Hamid Karzaï et sa famille exercent une véritable emprise sur l’Afghanistan depuis dix ans. Si la Constitution empêche le président de se représenter, il ne semble pas vouloir renoncer à toute influence pour autant. C’est ainsi en tout cas qu’on pourrait interpréter l’interdiction opposée par Karzaï à la Commission électorale d’appel (ECC) d’employer des observateurs étrangers. Pour Human Rights Watch en Afghanistan, cette démarche est perçue comme « une volonté d’influencer le scrutin en nuisant à la seule institution qui a vraiment lutté contre la fraude lors des derniers scrutins ».

Dans la perspective des futures élections, outre les talibans, l’autre mouvement important de l’insurrection afghane, Hezb-e-Islami a aussi été mentionné comme pouvant participer au scrutin soit comme candidat ou comme électeur. Ayant déjà fait connaître son intérêt pour des pourparlers de paix avec le gouvernement de Karzaï, Hezb-e-Islami et son chef Gulbuddin Hekmatyar entretiennent des liens pas toujours très clairs avec les talibans. « Nous sommes prêts à ouvrir la voie aux groupes armés de l’opposition, a déclaré Fazel Ahmad Manawi de la commission électorale et « il n’y aura aucune discrimination », a-t-il encore précisé.  

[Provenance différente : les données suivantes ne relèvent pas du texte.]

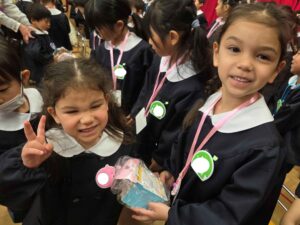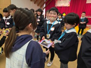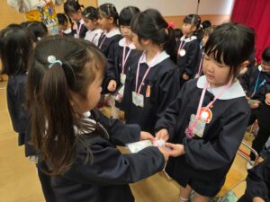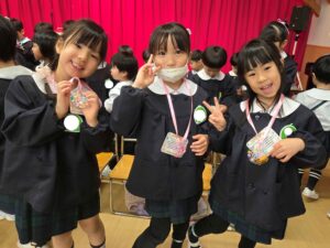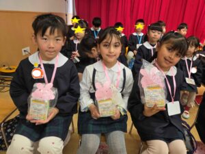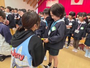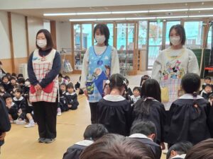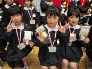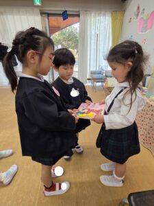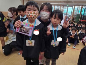 続いて、年長組さんへプレゼントを渡しました。

Les candidatures seront examinées par la commission électorale du 16 septembre au 6 octobre 2013. Une liste préliminaire sera publiée dès le 19 octobre, moins d’un mois avant la liste définitive, le 16 novembre. Les autorités afghanes montrent ainsi leur volonté de mettre en œuvre leurs engagements pris à la conférence de Tokyo, en juillet dernier. Lors de cette réunion, les représentants de plus de 80 pays soutenant l’Afghanistan, avaient promis une aide de 16 milliards de dollars d’ici à 2015 à la condition notamment qu’une élection présidentielle crédible se tienne en 2014.